■ YOUR TASK
Transcribe the listing below in full, exactly, with no images.

■ SOURCE DATA
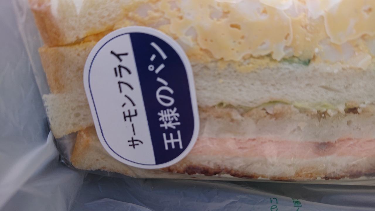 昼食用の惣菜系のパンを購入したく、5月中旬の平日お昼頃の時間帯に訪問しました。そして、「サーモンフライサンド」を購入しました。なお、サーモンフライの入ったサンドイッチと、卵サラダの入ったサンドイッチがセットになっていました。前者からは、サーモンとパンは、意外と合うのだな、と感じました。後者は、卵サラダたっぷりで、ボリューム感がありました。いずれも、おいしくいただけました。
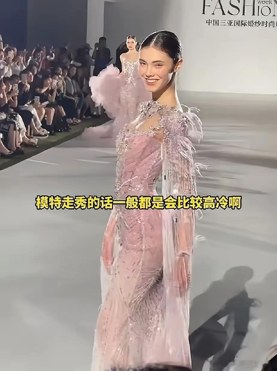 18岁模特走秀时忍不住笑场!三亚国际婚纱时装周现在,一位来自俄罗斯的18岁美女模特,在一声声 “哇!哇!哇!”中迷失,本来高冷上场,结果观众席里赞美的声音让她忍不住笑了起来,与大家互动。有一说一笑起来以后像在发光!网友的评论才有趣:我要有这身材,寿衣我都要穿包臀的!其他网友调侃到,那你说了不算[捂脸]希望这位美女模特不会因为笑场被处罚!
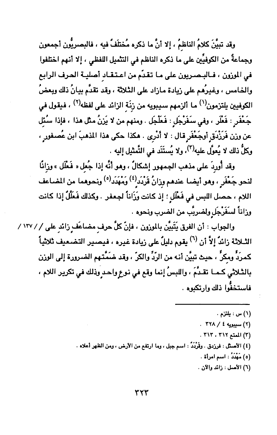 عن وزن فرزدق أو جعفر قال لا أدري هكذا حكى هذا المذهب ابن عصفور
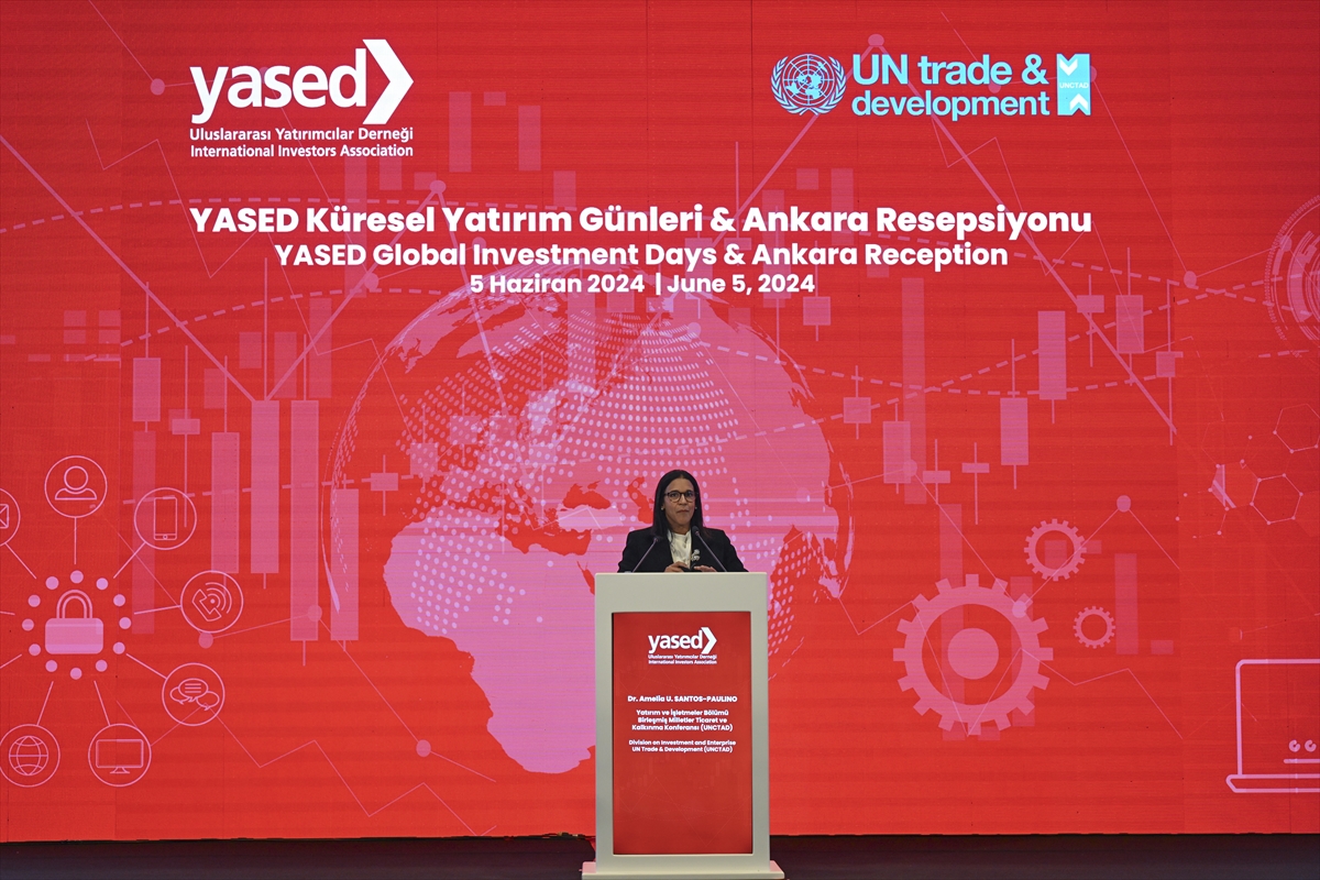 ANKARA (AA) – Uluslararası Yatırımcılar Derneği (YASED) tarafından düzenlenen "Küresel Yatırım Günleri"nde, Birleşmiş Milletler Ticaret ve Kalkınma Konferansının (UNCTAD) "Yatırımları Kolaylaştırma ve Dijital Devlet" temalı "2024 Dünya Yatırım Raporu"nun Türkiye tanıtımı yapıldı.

■ REPLY
 昼食用の惣菜系のパンを購入したく、5月中旬の平日お昼頃の時間帯に訪問しました。そして、「サーモンフライサンド」を購入しました。なお、サーモンフライの入ったサンドイッチと、卵サラダの入ったサンドイッチがセットになっていました。前者からは、サーモンとパンは、意外と合うのだな、と感じました。後者は、卵サラダたっぷりで、ボリューム感がありました。いずれも、おいしくいただけました。
 18岁模特走秀时忍不住笑场!三亚国际婚纱时装周现在,一位来自俄罗斯的18岁美女模特,在一声声 “哇!哇!哇!”中迷失,本来高冷上场,结果观众席里赞美的声音让她忍不住笑了起来,与大家互动。有一说一笑起来以后像在发光!网友的评论才有趣:我要有这身材,寿衣我都要穿包臀的!其他网友调侃到,那你说了不算[捂脸]希望这位美女模特不会因为笑场被处罚!
 عن وزن فرزدق أو جعفر قال لا أدري هكذا حكى هذا المذهب ابن عصفور
 ANKARA (AA) – Uluslararası Yatırımcılar Derneği (YASED) tarafından düzenlenen "Küresel Yatırım Günleri"nde, Birleşmiş Milletler Ticaret ve Kalkınma Konferansının (UNCTAD) "Yatırımları Kolaylaştırma ve Dijital Devlet" temalı "2024 Dünya Yatırım Raporu"nun Türkiye tanıtımı yapıldı.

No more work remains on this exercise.